在AccuracyAwareQuantization量化阶段，则必须设置metric好，因为需要通过这个指标来确定精度下降的范围

    folder = "F:/DataSet/LyophilizedBall/classification/val/"

    # step1: 加载模型
    model = load_model(model_config)
    original_model = copy.deepcopy(model)
    # print(model)
    # step2: 初始化 dataloader
    data_loader = ClassificationDataLoader(folder)

    # step3: 可选，设置评估指标，可用于和原模型做对比
    metric = Accuracy()
    # metric = None
    # step4: 初始化引擎，通过数据、评估指标计算
    engine = IEEngine(config=engine_config, data_loader=data_loader, metric=metric)

    # step5: 创建模型压缩算法的管道
    pipeline = create_pipeline(algo_config=algorithms, engine=engine)

    # step6: 执行管道流程
    compressed_model = pipeline.run(model=model)

    # step7: 可选：为了减少最后.bin 文件的大希奥，压缩模型权重进度
    compress_model_weights(model=compressed_model)

    # step8: 可选：保存模型, 返回保存模型的路径
    compress_model_path = save_model(model=compressed_model, save_path="./models/weight/ptqModel")
    print(compress_model_path)

    # Step 9 (Optional): Evaluate the original and compressed model.
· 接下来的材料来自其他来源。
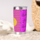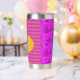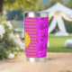 Happy Big Modern Orange Pumpkin on Purple and Pink Geometric lines.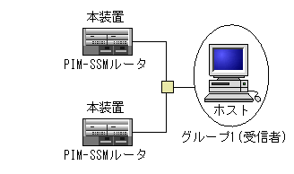 - マルチキャストグループ(受信者)と同一回線上に複数のPIM-SSMルータが動作する構成

Print the results
    original_metric_results = pipeline.evaluate(original_model)
    if original_metric_results:
        print(f"Accuracy of the original model:  {next(iter(original_metric_results.values())):.5f}")

    quantized_metric_results = pipeline.evaluate(compressed_model)
    if quantized_metric_results:
        print(f"Accuracy of the quantized model: {next(iter(quantized_metric_results.values())):.5f}")